Konflik agraria pada era pemerintahan Presiden Joko Widodo (Jokowi) meningkat dibanding era Presiden Susilo Bambang Yudhoyono (SBY).
Peningkatan konflik ini terjadi dalam hal jumlah kasus, jumlah kepala keluarga (KK) yang terdampak, maupun luas area konfliknya.
Berikut perbandingan angka konflik agraria era SBY dan Jokowi menurut laporan Konsorsium Pembaruan Agraria (KPA):
Era Presiden SBY (2005-2014):
- Jumlah konflik agraria: 1.520 kasus
- Jumlah masyarakat terdampak: 977.103 KK
- Luas konflik agraria: 5.711.396 hektare
Era Presiden Jokowi (2015-2023):
- Jumlah konflik agraria: 2.939 kasus
- Jumlah masyarakat terdampak: 1.759.308 KK
- Luas konflik agraria: 6.309.261 hektare
KPA memperoleh data ini dari sejumlah sumber, yaitu:
- Korban yang melaporkan kejadian konflik agraria ke KPA, baik secara langsung atau melalui perantara;
- Laporan dari anggota dan jejaring KPA;
- Pemantauan lapangan;
- Pemantauan pemberitaan media massa;
- Database konflik dalam sistem respons cepat darurat agraria; dan
- Hasil investigasi lapangan.
Dengan sumber daya organisasi yang terbatas, data yang dihimpun KPA mungkin belum mewakili seluruh konflik agraria di Indonesia.

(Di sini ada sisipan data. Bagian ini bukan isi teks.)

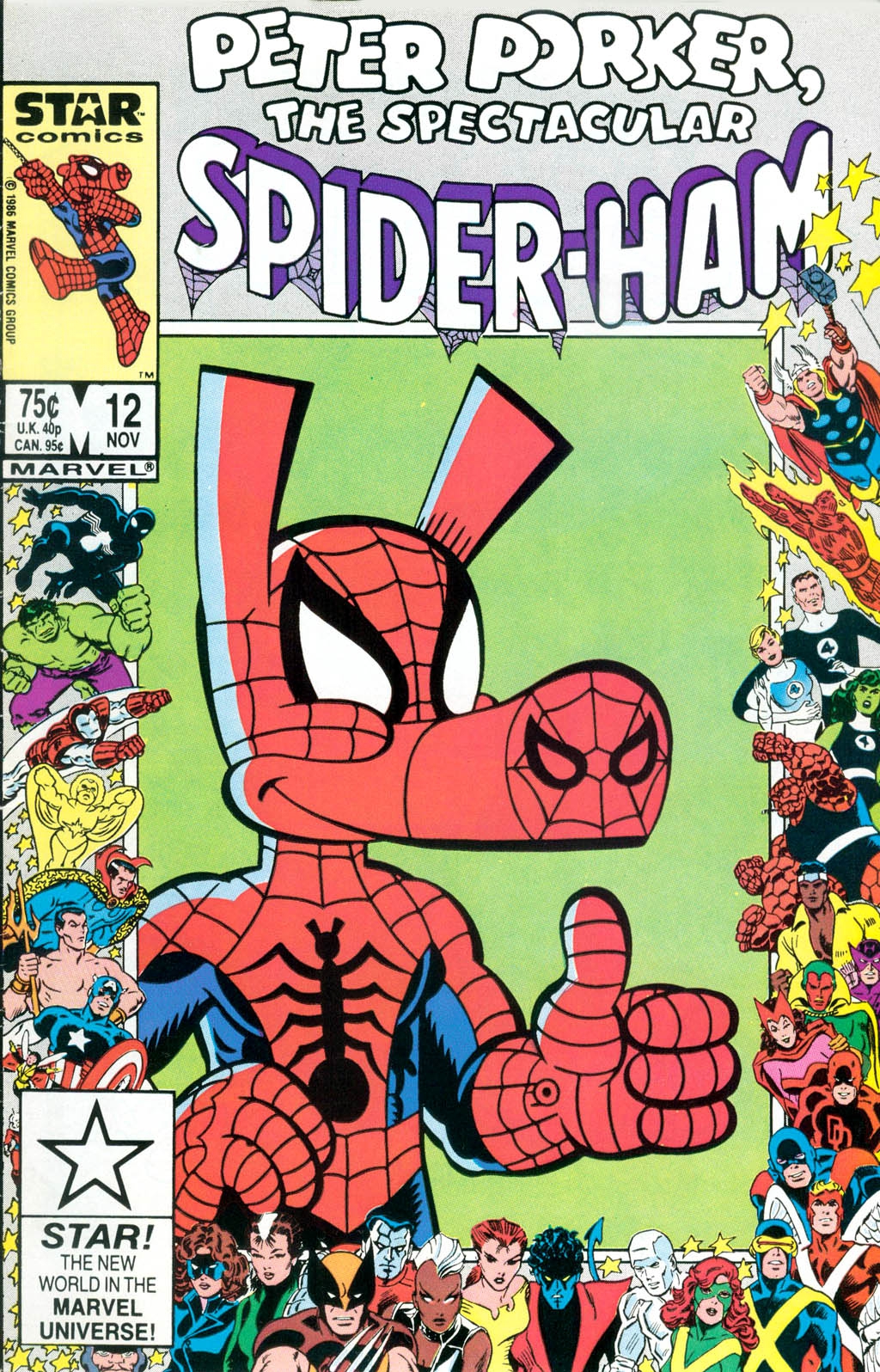 Spider-Ham หรือ Peter Porker เป็นแมงมุมมาตั้งแต่กำเนิด เขาอาศัยอยู่ในห้องใต้ดิน ซึ่งเป็นห้องแลปของนักวิทยาศาสตร์นามว่า May Poker โดยเธอกำลังประดิษฐ์เครื่องเป่าผมพลังอะตอมเครื่องแรกของโลกอยู่ แต่เมื่อเธอทดลองเครื่องก็เกิดข้อผิดพลาดขึ้น ทำให้ร่างของเธอปนรังสี ด้วยเหตุนั้นเธอจึงเดินโซซัดโซเซไปหยิบแมงมุม Peter มากัดเข้าอย่างจัง ทำให้แมงมุมตัวนี้กลายเป็นหมู เขาจึงหนีออกจากบ้านด้วยความตื่นตระหนก และค้นพบว่าตัวเองมีพลังแมงมุมอยู่ในร่างของหมู เขาจึงกลับมาที่บ้านและปลุกป้าเมย์ให้ตื่นขึ้น แต่หลังจากป้าเมย์ตื่นขึ้น คงจะได้รับการกระทบกระเทือนบางอย่าง เพราะเขาคิดว่านี่คือหลานชายสุดที่รักของเขา Peter จึงใช้ความสามารถของเขาช่วยเหลือผู้คนนับตั้งแต่นั้นมา

KPA juga hanya mencatat kasus "konflik agraria struktural", yakni konflik lahan yang disebabkan kebijakan pejabat publik, serta mengakibatkan terancamnya dan/atau tersingkirnya hak-hak konstitusional masyarakat atas sumber-sumber agraria.
Data ini tidak termasuk sengketa pertanahan biasa, seperti perebutan hak waris, sengketa lahan antar perusahaan, dan sebagainya.